Descending the Alternate Sparse Coding Objective

\label{descend} The original SAILnet paper \cite{Zylberberg_2011} maintains the reconstruction part of the sparse coding objective but replaces the sparse prior with a set of two constraints: homeostasis for the individual neuron’s firing rates and decorrelation for the pairwise statistics: \[\label{eq:1} E(X, a; \Phi, W, \theta) = \frac{1}{2}\sum_i(X_i-\sum_j\Phi_{ij}a_j)^2 + \sum_i\theta_i(a_i-p) + \sum_{ij}W_{ij}(a_ia_j-p^2)\]

The original sparse coding reconstruction term in \ref{eq:1} will lead to both non-local learning rules for \(\Phi\) and a non-local inference circuit. So, it is approximated by an objective which will lead to Oja’s learning rule: \[\label{local} E(X, a; \Phi, W, \theta) = \frac{1}{2}\sum_{ij}(X_i-\Phi_{ij}a_j)^2 + \sum_i\theta_i(a_i-p) + \sum_{ij}W_{ij}(a_ia_j-p^2).\] Note that in \ref{local}, the sum on \(j\) has moved outside of the squaring operation in the first term. As shown in \cite{Zylberberg_2011}, gradient descent with respect to \(\Phi, W\), and \(\theta\) give local learning rules for the parameters of the model.

The negative gradient of the local objective function \ref{local} is \[-\frac{\partial E(a| X; \Phi, W, \theta)}{\partial a_i} = \sum_jX_j\Phi_{ji}-\sum_j \Phi_{ji}^2a_i - \theta_i - 2\sum_{j\ne i}W_{ji}a_j.\] The first term is the same linear filtering term. The second is the leakiness term with an additional scaling by the length squared of the dictionary element. The dictionary is commonly normalized to have length 1 to prevent it from growing without bound, although Oja’s rule does not require this. Empirically, the mean norm will be on the order of length 1, but can vary by a small integer factor and will have non-zero variance. It is an interesting prediction that the leakiness of the membrane of a neuron should scale with the overall strength of its synapses. \(-\theta\) would be converted into a spike-threshold in a LIF version of this analog equation. Finally, the last term \(W\) accounts for within layer inhibition.
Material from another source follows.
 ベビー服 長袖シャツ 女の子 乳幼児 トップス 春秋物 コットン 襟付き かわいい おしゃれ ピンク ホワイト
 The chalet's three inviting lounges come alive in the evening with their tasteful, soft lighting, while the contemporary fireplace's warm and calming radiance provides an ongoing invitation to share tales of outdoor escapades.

Without a leaky integrate-and-fire circuit (LIF) circuit, the analog optimization problem is solved by

\[\frac{da_i}{dt} = -\frac{\partial E(a|X; \Phi, W, \theta)}{\partial a_i}.\]

In \cite{Zylberberg_2011}, a leaky integrate-and-fire circuit (LIF) was instantiated which had three terms in the integrator circuit \[\begin{split} \tau \frac{du_i}{dt} &= -u_i + \sum_j X_j\Phi_{ji} - \sum_{j\ne i}W_{ij}y_j\\ y_i &= 1 \text{ if } u_i > \theta_i \text{ else } 0 \end{split}\] which are leakiness, linear filtering, and inhibition. \(y_j\) is the instantaneous spiking variable for neuron \(i\). This circuit may not always descend the objective function, as we can show.

Given the analog optimization problem in \ref{descend}, there are a number of different ways to instantiate a LIF circuit to approximate inference. The negative gradient can be interpreted as the driving force in the circuit \[\frac{du_i}{dt} = -\frac{\partial E(a|X; \Phi, W, \theta)}{\partial u_i} = -\frac{\partial E(a|X; \Phi, W, \theta)}{\partial a_i} \frac{\partial a_i}{\partial u_i}\]